The Reed is only offered in the summertime. It is roughly the size of a softball and has a milder, more subtle flavor. Unlike other types, the skin of the Reed doesn’t change color as it ripens.
The Pinkerton is an oblong fruit with rough, easily peeled skin and a little seed inside a creamy body. It can reach a weight of 0.5 to 1.5 pounds.
The Gwen avocado resembles the Hass in both flavor and look. This is a larger Guatemalan type with thick, peelable dark-green skin.
The dark-purple Maluma avocado was found in South Africa in the 1990s. Although trees of this kind bear a lot of fruit, they grow slowly.
II. B-Type or Type B Avocado Varieties
Some of the B-type-cultivar avocados include:
The Ettinger, which is most frequently grown in Israel, has a large seed, a bright green peel, and a moderate flavor.
An avocado from Australia called the Sharwil has a rough, green peel and yellow flesh. It has a strong flavor is quite greasy, and is prone to freezing.
Unlike many other, more buttery kinds, the Zutano has a mild flavor and is covered in lighter, yellow-green skin. Typically, it weighs between 0.5 and 1 pound (225–450 grams).
The dark-purple Brogden avocado is a cross between Mexican and West Indian types. Although it is exceptionally cold-resistant, it is difficult to peel and is hence not a widely used commercial type.
Eight months out of the year, the Fuerte is unmistakably pear-shaped and available. It has an oily texture like that of hazelnut and gets its name from the Spanish word for “strong.”
The Cleopatra is a petite, dwarf avocado that is only starting to gain popularity among consumers.
One of the popular types of avocados is Bacon. The taste of the bacon is milder than that of other types. Its pale brown skin is simple to peel off.
The Monroe is a substantial avocado with a weight limit of two pounds (910 grams). It has less watery meat and is a firmer variant.
Avocados are also a great source of fiber, a crucial ingredient that is often missing from Western diets. According to several research studies, persons who consume avocados tend to weigh less. This finding may be related to the fruit’s high fiber and good fat content as well as its low glycemic index.

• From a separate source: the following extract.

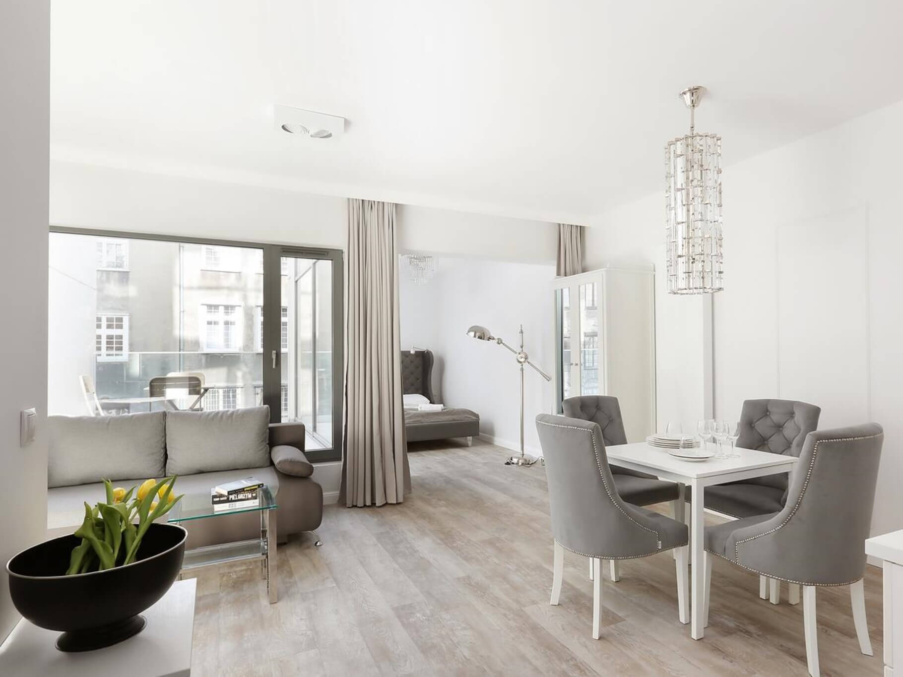 Projekt aranżacji wnętrza niewielkiego mieszkania na wynajem w samym sercu Gdańskiej Starówki. Projekt utrzymaliśmy w stylistyce glamour, ponieważ wiemy, że doskonale wypoczywa się w takich wnętrzach. Jasna, ciepła kolorystyka, tapicerowane meble oraz duża ilość tekstyliów sprawiają, że apartament wizualnie zyskuje większą przestrzeń, a jednocześnie jest przytulny.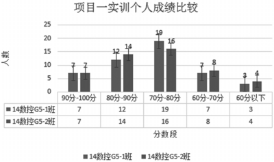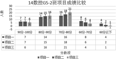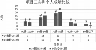 图1和图2分别为14数控编程G5-1班和14数控编程G5-2班实训项目一和实训项目三班级间个人成绩分段比较柱状图,图3为14数控编程G5-2班级内实训项目个人成绩分断比较柱状图。

Avocados also include antioxidants like lutein and zeaxanthin, which are beneficial for your eyes and brain. These antioxidants may reduce the risk of cataracts, Alzheimer’s disease, and age-related macular degeneration (AMD). Additionally, studies show that habitual avocado eaters are healthier and less likely to develop metabolic syndrome. But this might be the case since many people who eat this fruit also seem to consume a lot of other nutrient-rich meals.
Avocado – The Bottom Line
Avocados are a very healthy fruit and have a lot of advantages. They are a good source of fiber, unsaturated fats, antioxidants, vitamins, and minerals that may help improve your health and reduce your chance of developing several chronic diseases. There are hundreds of types around the world, most of which vary in size, color, form, texture, and flavor, even if only one or two varieties are the best known.
The Hass avocado is the most well-liked and accessible variety. However, if you find a different kind, it probably has a comparable nutritional profile. In any event, avocados are a fantastic supplement to a diet high in nutrients and balance.